Problem requirements: For this exercise, return only the lines in the records below from the one holding "Сын дарит подарок маме" through the one holding "夏秋之交,正是新疆瓜果飄香的", including both, exactly as they appear and without pictures.

(Entries taken from a collection)
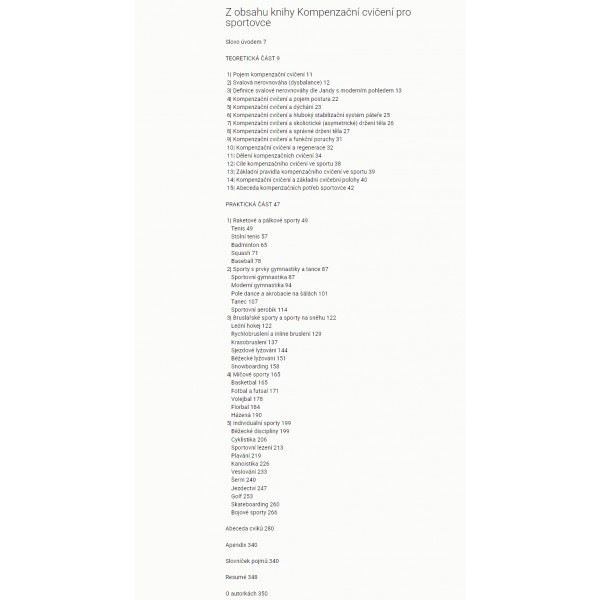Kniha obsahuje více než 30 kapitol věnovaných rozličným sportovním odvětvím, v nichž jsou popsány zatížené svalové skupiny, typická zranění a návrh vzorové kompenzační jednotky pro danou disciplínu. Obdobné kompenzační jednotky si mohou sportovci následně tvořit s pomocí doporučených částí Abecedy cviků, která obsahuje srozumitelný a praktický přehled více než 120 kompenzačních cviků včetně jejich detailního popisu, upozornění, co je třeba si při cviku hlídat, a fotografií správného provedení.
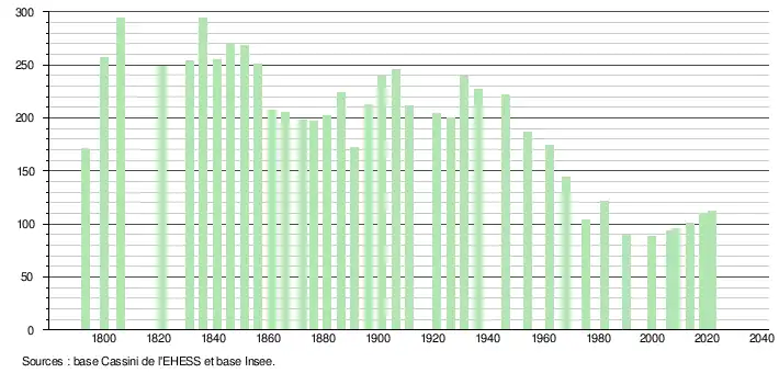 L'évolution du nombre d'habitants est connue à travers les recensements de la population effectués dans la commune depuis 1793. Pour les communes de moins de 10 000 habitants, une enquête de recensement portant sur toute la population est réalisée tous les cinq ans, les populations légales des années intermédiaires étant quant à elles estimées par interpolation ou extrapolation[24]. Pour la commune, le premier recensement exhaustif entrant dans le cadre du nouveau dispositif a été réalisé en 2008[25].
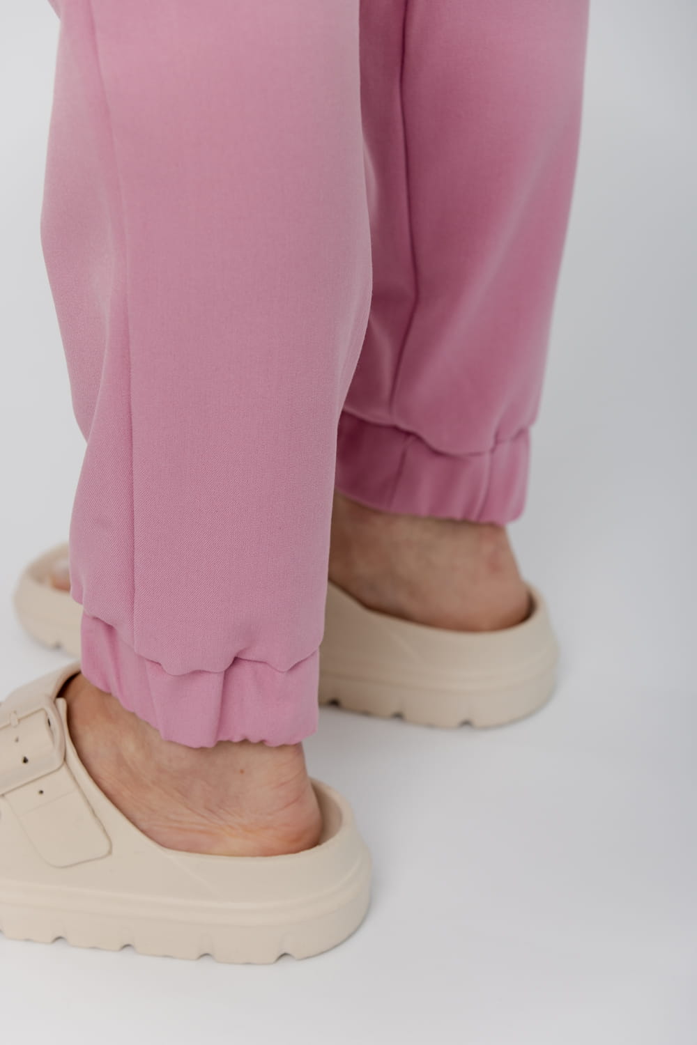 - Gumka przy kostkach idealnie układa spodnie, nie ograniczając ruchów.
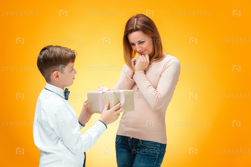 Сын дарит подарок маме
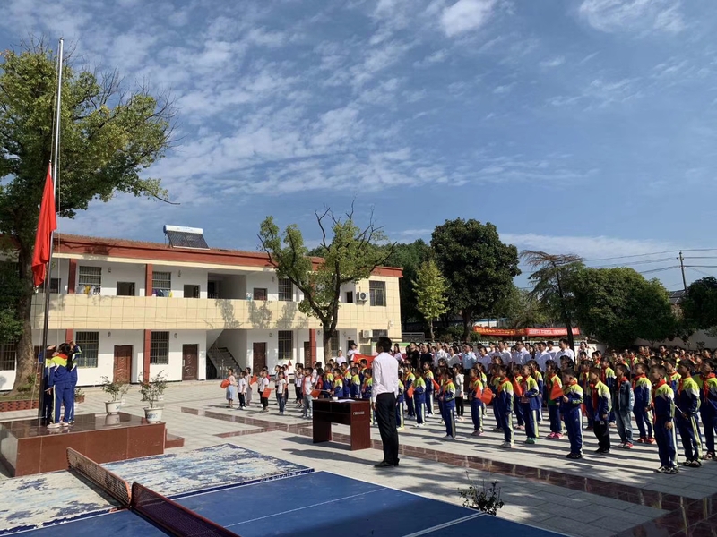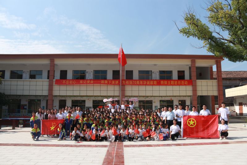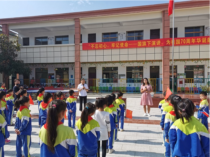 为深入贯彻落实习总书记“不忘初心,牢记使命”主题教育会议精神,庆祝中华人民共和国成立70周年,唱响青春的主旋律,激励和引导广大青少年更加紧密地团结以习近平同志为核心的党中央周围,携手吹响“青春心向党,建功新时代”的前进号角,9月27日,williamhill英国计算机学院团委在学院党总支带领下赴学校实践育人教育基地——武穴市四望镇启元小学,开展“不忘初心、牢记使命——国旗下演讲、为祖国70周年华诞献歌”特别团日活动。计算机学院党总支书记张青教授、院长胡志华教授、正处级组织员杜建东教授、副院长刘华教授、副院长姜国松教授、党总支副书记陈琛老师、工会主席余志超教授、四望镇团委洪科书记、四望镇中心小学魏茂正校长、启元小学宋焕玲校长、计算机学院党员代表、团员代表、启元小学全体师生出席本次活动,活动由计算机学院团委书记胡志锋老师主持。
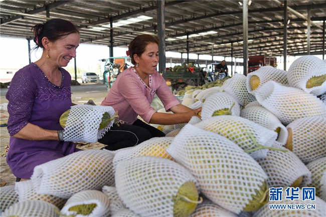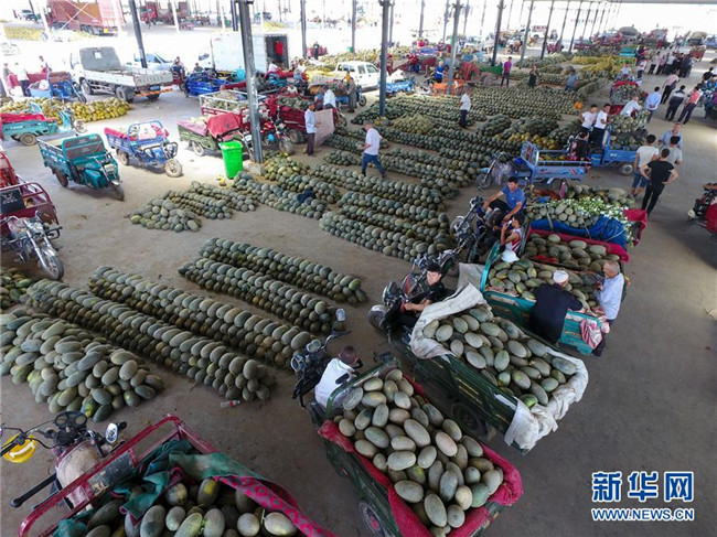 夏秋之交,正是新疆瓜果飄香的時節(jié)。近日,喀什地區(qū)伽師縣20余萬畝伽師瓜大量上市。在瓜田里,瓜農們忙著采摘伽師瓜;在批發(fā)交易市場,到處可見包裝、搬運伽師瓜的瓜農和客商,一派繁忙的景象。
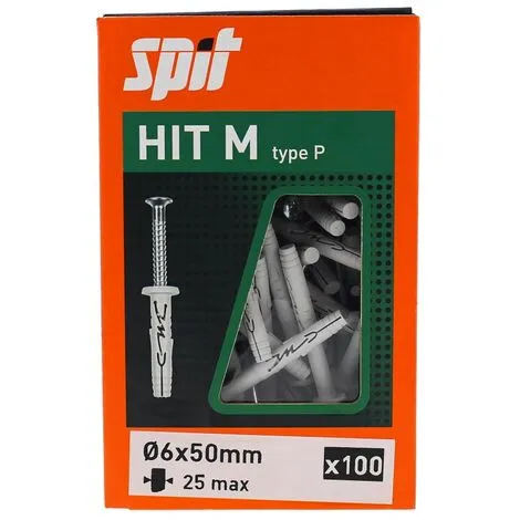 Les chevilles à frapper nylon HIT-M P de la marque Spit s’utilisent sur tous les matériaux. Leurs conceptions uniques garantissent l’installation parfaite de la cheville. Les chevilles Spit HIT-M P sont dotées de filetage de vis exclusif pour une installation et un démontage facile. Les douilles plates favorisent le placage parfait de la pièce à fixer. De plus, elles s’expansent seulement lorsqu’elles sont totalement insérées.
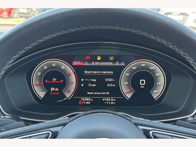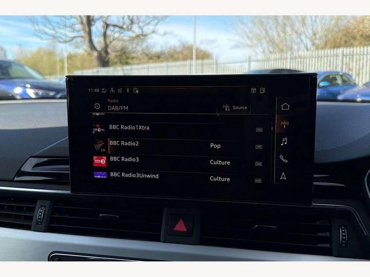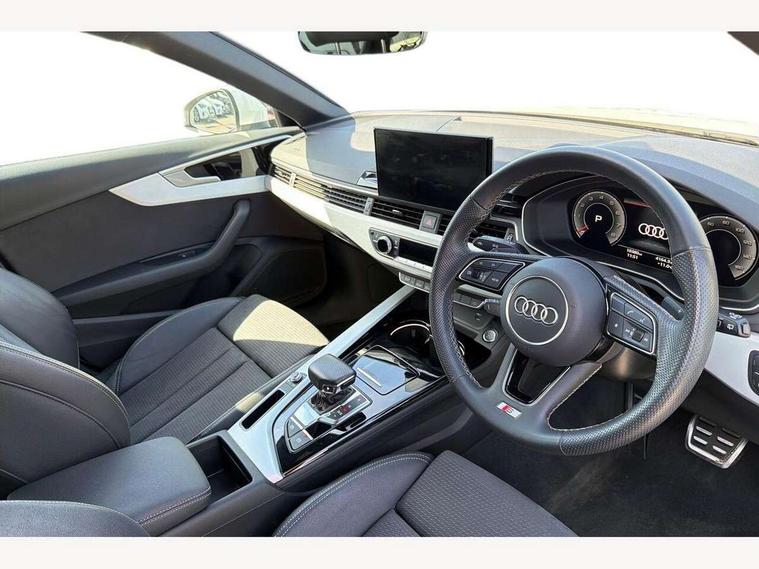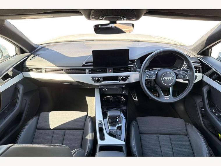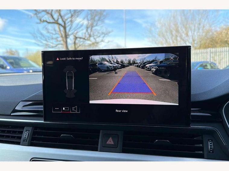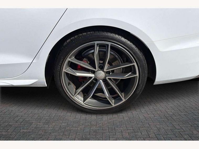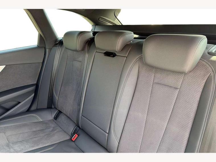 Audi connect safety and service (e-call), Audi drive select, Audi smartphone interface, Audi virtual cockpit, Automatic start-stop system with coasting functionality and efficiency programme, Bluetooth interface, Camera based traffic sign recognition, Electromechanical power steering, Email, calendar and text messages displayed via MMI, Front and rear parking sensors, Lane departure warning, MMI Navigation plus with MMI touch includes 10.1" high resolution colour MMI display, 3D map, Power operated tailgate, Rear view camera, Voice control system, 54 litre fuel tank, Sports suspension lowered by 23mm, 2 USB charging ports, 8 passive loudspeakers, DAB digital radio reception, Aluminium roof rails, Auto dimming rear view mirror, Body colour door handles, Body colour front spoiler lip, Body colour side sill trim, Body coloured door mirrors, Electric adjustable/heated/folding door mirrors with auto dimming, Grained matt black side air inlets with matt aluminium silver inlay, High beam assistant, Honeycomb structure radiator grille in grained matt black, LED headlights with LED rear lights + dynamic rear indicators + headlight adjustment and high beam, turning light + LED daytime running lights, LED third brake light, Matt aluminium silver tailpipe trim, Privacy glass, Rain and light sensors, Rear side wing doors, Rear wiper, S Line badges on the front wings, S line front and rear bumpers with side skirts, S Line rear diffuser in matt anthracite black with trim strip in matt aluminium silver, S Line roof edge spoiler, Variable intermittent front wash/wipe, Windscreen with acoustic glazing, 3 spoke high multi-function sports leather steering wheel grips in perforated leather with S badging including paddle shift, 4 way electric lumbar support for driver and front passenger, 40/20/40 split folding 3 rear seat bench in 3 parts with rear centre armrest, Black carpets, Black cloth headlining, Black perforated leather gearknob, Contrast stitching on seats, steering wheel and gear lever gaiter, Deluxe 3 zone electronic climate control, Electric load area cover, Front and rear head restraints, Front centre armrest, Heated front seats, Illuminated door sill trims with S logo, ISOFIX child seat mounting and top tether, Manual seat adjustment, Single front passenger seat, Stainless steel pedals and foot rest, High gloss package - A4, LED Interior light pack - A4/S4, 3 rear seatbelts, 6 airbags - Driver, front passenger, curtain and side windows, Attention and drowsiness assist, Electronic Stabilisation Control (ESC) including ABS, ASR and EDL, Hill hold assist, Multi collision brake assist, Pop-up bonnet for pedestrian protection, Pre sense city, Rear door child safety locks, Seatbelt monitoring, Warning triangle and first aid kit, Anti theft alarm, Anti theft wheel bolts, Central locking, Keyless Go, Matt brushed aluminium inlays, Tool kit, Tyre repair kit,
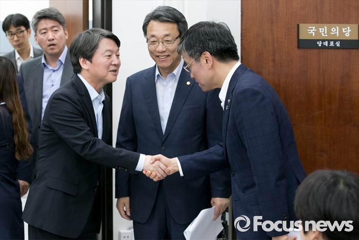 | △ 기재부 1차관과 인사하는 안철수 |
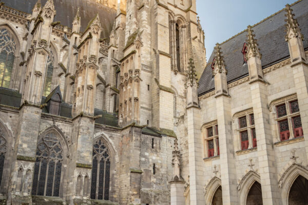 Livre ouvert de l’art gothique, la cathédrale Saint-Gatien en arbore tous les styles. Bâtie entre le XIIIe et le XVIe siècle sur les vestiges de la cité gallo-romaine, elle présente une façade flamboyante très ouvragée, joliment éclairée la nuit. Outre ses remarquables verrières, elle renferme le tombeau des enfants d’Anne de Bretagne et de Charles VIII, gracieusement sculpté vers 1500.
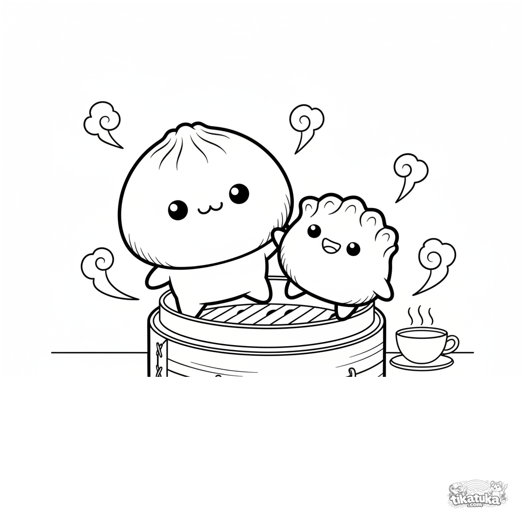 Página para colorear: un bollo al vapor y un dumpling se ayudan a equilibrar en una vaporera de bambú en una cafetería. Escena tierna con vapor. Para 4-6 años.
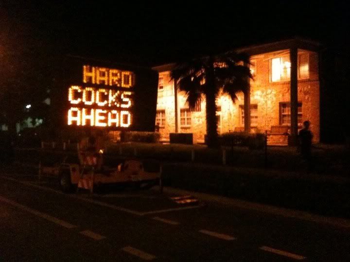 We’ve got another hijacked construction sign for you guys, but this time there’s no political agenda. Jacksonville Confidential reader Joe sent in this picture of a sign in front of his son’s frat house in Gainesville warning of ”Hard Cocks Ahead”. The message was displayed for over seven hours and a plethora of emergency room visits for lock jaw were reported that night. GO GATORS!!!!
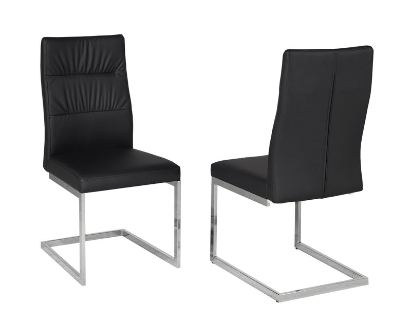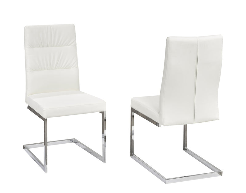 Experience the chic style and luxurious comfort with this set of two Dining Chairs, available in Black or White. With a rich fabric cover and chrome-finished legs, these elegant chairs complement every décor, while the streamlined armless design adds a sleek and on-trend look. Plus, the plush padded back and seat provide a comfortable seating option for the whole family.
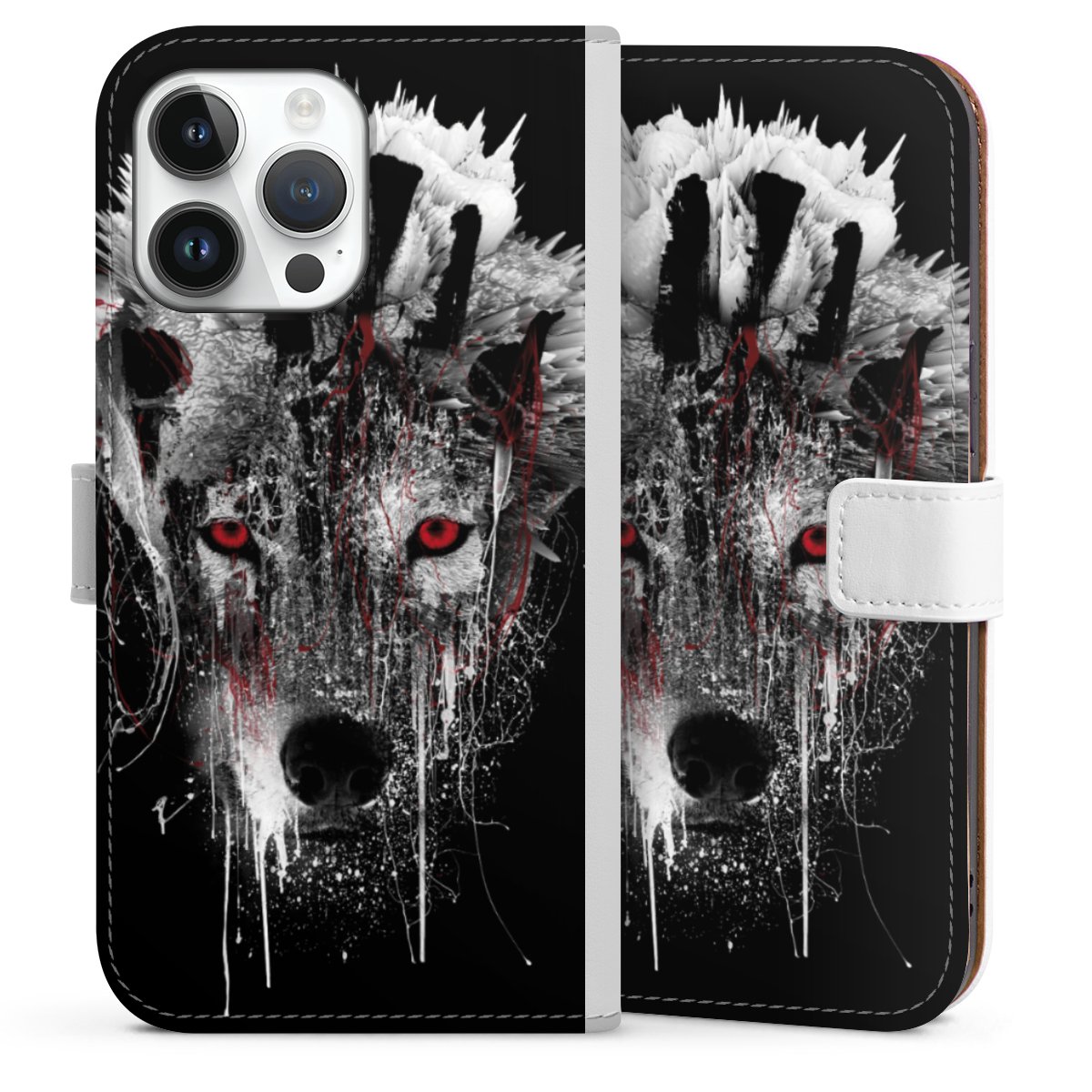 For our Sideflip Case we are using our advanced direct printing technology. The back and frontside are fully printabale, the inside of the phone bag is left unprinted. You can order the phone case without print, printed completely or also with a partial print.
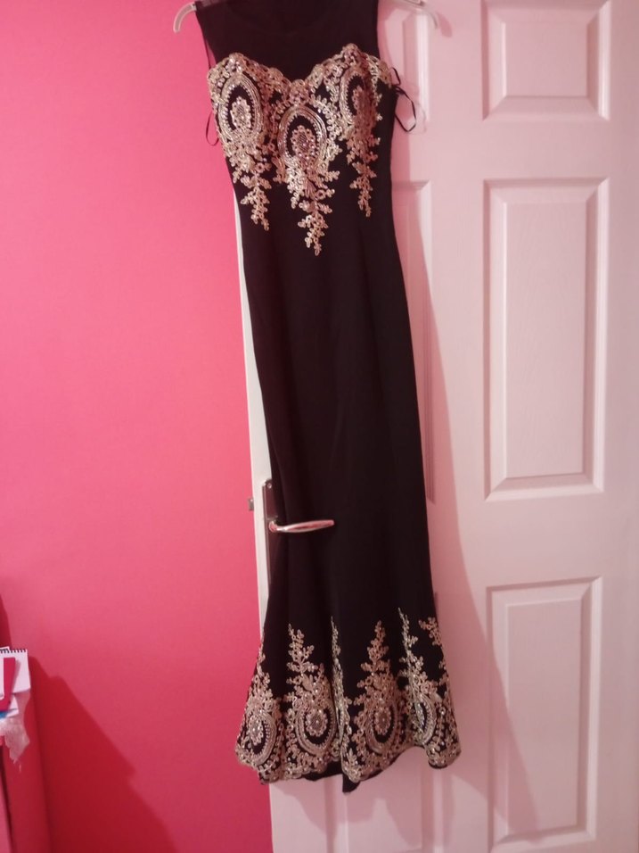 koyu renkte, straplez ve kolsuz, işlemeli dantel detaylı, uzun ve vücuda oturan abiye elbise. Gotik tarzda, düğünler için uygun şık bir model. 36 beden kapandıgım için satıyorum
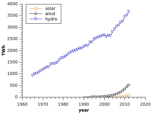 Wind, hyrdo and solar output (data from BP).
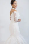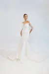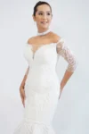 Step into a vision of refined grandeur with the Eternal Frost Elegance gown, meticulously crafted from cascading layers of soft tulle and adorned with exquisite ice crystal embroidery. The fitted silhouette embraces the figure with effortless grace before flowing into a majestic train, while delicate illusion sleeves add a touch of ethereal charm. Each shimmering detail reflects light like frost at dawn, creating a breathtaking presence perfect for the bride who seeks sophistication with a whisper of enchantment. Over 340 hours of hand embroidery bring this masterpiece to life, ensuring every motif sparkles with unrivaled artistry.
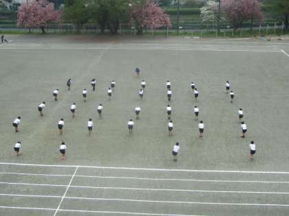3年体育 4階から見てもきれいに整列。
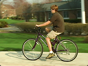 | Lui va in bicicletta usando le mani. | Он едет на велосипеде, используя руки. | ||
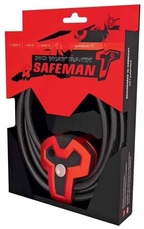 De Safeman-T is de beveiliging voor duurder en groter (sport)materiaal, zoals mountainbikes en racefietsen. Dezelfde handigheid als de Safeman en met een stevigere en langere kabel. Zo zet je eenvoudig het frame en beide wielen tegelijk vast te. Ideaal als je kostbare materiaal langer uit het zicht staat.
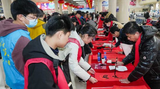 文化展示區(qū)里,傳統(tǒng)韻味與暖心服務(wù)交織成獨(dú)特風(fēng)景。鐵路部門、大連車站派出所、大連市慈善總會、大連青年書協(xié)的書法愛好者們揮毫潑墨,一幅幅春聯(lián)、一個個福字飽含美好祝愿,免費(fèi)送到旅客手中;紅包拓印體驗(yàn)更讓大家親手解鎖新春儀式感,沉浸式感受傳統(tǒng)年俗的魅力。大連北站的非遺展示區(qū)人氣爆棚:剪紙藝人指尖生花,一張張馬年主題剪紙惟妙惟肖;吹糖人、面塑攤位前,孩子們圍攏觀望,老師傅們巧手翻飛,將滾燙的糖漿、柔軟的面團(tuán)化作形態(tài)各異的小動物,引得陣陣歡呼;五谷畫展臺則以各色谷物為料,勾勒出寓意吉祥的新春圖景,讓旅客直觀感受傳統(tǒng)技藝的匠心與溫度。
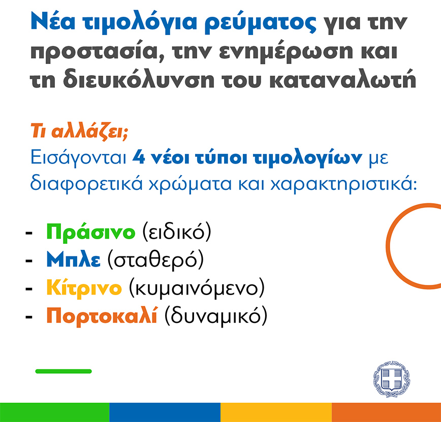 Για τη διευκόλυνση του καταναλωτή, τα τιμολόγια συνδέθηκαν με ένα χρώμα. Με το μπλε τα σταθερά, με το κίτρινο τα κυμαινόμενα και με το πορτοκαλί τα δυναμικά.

Expected output:
 Сын дарит подарок маме
 为深入贯彻落实习总书记“不忘初心,牢记使命”主题教育会议精神,庆祝中华人民共和国成立70周年,唱响青春的主旋律,激励和引导广大青少年更加紧密地团结以习近平同志为核心的党中央周围,携手吹响“青春心向党,建功新时代”的前进号角,9月27日,williamhill英国计算机学院团委在学院党总支带领下赴学校实践育人教育基地——武穴市四望镇启元小学,开展“不忘初心、牢记使命——国旗下演讲、为祖国70周年华诞献歌”特别团日活动。计算机学院党总支书记张青教授、院长胡志华教授、正处级组织员杜建东教授、副院长刘华教授、副院长姜国松教授、党总支副书记陈琛老师、工会主席余志超教授、四望镇团委洪科书记、四望镇中心小学魏茂正校长、启元小学宋焕玲校长、计算机学院党员代表、团员代表、启元小学全体师生出席本次活动,活动由计算机学院团委书记胡志锋老师主持。
 夏秋之交,正是新疆瓜果飄香的時節(jié)。近日,喀什地區(qū)伽師縣20余萬畝伽師瓜大量上市。在瓜田里,瓜農們忙著采摘伽師瓜;在批發(fā)交易市場,到處可見包裝、搬運伽師瓜的瓜農和客商,一派繁忙的景象。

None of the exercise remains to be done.